We outline the requirements on two concrete examples:

- A simple wrapper for
`gbm::gbm.fit()`

for generalized boosted regression - A more extensive wrapper for neural networks based on
`keras`

To test our wrappers, we apply them to the included random subsample
of 5,000 observations from the data of Angrist & Evans (1998). See
`?AE98`

for details.

## A Wrapper for `gbm::gbm.fit()`

We begin with writing an estimation function that takes named
arguments `y`

and `X`

and returns a fitted model
object.

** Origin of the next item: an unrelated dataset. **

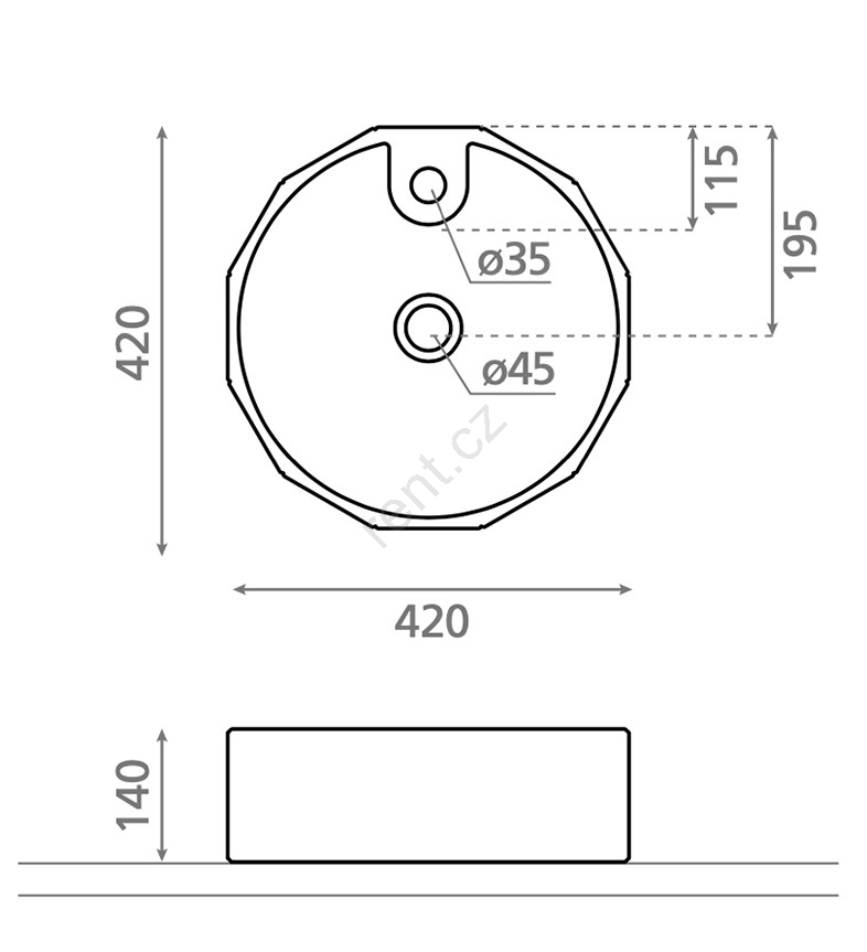 Bathco 4158 - Umyvadlo na desku CIRCUS pr. 42 cm porcelán/bílá

To allow for arguments to be passed from the wrapper to
`gbm::gbm.fit()`

, we also make use of the `...`

argument.

```
# Load gbm
library(gbm)
# Write gbm wrapper
mdl_gbm <- function(y, X, ...) {
gbm_fit <- gbm.fit(x = X, y = y, ...) # fit gbm
class(gbm_fit) <- c("mdl_gbm", class(gbm_fit)) # append class
return(gbm_fit) # return fitted gbm object
}#MDL_GBM
```

Note that by default, predicted values from
`gbm::predict.gbm()`

do not return values on the scale of the
outcome variable (see `?gbm::predict.gbm()`

). It is therefore
important to also construct a simple prediction method for the
`mdl_gbm`

object:

```
# Write prediction method for gbm.wrapper
predict.mdl_gbm <- function(object, newdata, ...) {
class(object) <- class(object)[-1] # remove mdl_gbm from the class list
predict(object, newdata, type = "response", n.trees = object$n.trees)
}#MDL_GBM
```

As a simple test, we check the class of the object returned by the wrapper and the prediction method we constructed:

```
# Estimate gbm
gbm_fit <- mdl_gbm(y, X,
distribution = "bernoulli",
n.trees = 1000,
interaction.depth = 6,
verbose = FALSE)
# Compute predictions
fitted_values <- predict(gbm_fit, X)
# Check class
class(gbm_fit)
#> [1] "mdl_gbm" "gbm"
class(fitted_values)
#> [1] "numeric"
```

The classes are what we expected. The wrapper should now be
compatible with the `ddml`

machinery. As a final test, we
estimate the local average treatment effect. (Computation can take a
while, feel free to set `n.trees`

or
`interaction.depth`

to a smaller value for this test.)

```
# Use the new gbm base learner
learner_gbm <- list(what = mdl_gbm,
args = list(distribution = "bernoulli",
n.trees = 1000,
interaction.depth = 6,
verbose = FALSE))
# Estimate ddml_late
late_fit <- ddml_late(y, D, Z, X,
learners = learner_gbm,
sample_folds = 10,
silent = TRUE)
summary(late_fit)
#> LATE estimation results:
#>
#> Estimate Std. Error t value Pr(>|t|)
#> -0.236 0.19 -1.24 0.214
```

All works well!

## A Wrapper for Neural Networks based on `keras`

We now consider an example using the neural network implementation of
the `keras`

package. See this guide to keras
basics for an excellent introduction to neural networks in R.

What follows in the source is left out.